Some seedlings forced in the 12-h photoperiod following little or no chilling failed to burst bud within 140 days. These seedlings were assigned a DBB value of 150 to allow meaningful statistical treatment of the data. The bud burst data for these seedlings were not normally distributed, however, and this could not be corrected by data transformation. An additional analysis was therefore run with the nonparametric Kruskal–Wallis test (NPAR1WAY procedure in SAS). There were only small deviations in the P values with the different methods. Based on the assumption that the ANOVA requirements were satisfied when both procedures gave similar results (Montgomery 2001), we have chosen to refer only to the parametric ANOVA.

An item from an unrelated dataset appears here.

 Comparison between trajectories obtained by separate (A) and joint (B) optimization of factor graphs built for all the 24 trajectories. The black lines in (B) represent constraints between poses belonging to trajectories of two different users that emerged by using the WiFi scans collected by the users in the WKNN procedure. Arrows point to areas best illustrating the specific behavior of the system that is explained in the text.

During the late MS periods, several seedlings burst bud, but they did not develop beyond Stage 3 within the 14-day treatment period. The LOGISTIC procedure in SAS was used to test for the significance of the different experimental factors and associated two-way interactions on the probability of individual seedlings reaching bud burst Stage 3 during the 14-day MS. The same procedure was also used to assess the effects of treatments and provenances on the probability of seedlings resuming growth when forced in a 12-h photoperiod after different durations of continuous chilling.

Results

Bud set

The 21 °C DT reduced time to bud set compared with the 12 °C DT (19.1 versus 24.0 days; P = 0.0008 for means averaged across provenances). Although time to bud set increased with decreasing latitude of seed origin (P = 0.0001), the difference between the most northern (P) and southern (F) provenances was < 2 days. The effect of DT temperature was consistent among provenances because no significant interaction occurred (P = 0.517).

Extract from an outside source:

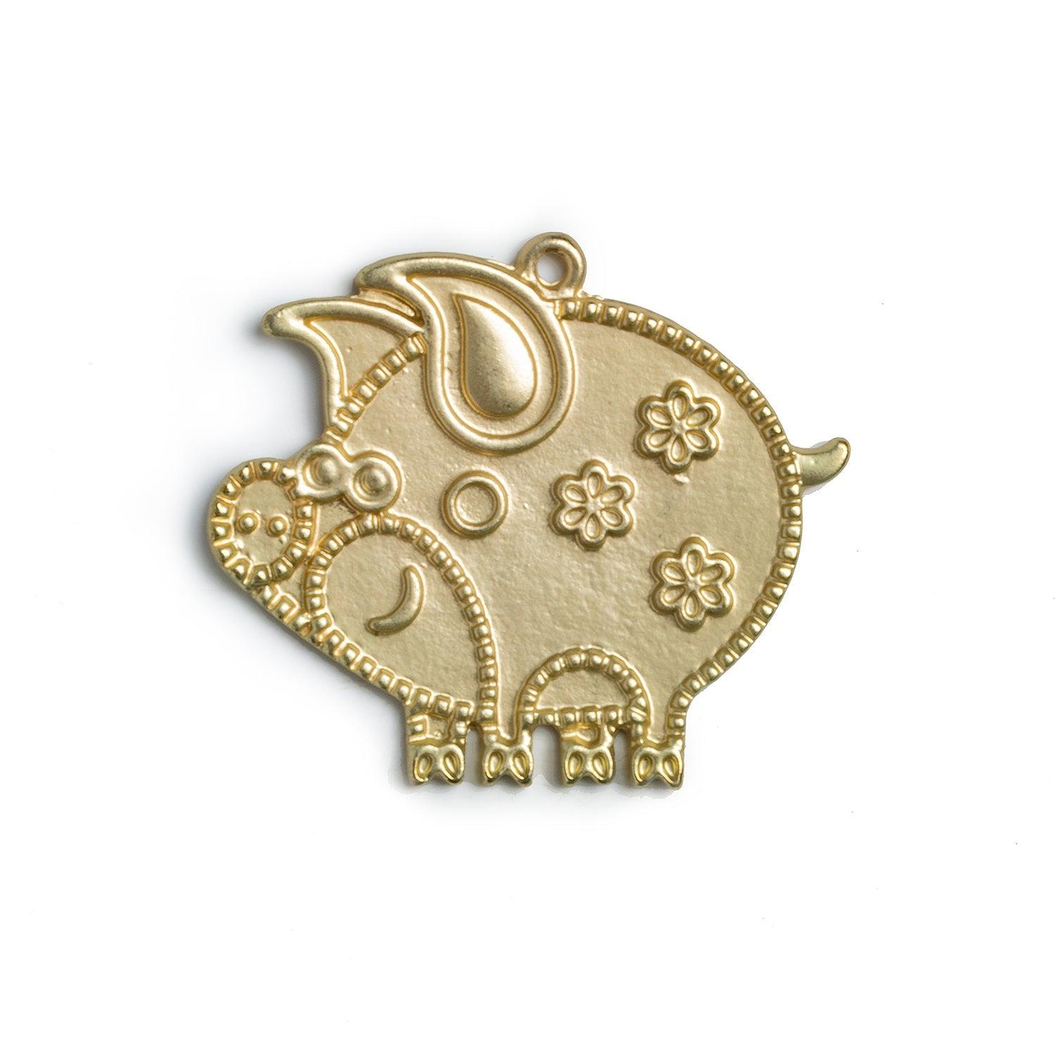 37x43mm Brass-tone Pig Pendant with Floral Relief Designs 1 piece

Changes in dormancy status in response to chilling and DT

After 21 or more chilling days, all seedlings burst bud and started elongation growth when transferred to forcing in a 12-h photoperiod (Table 2). With only 0 or 7 days of chilling, only a fraction of the seedlings burst bud, and in several individuals further shoot extension did not occur. The higher DT temperature (21 °C) reduced the percentage of seedlings that burst bud after 0 and 7 days of chilling (P = 0.0150), and provenance had no significant effect (P > 0.10).

Table 2.

Effect of temperature during dormancy induction and duration of continuous chilling at 0.7 °C in darkness on the phenological status of the terminal bud after 140 days of forcing at 12 °C in a 12-h photoperiod. The results for seedlings chilled for 21 days or longer were pooled (21+ days), because all seedlings kept in cold storage for 21 days or more burst bud and started shoot elongation under forcing conditions.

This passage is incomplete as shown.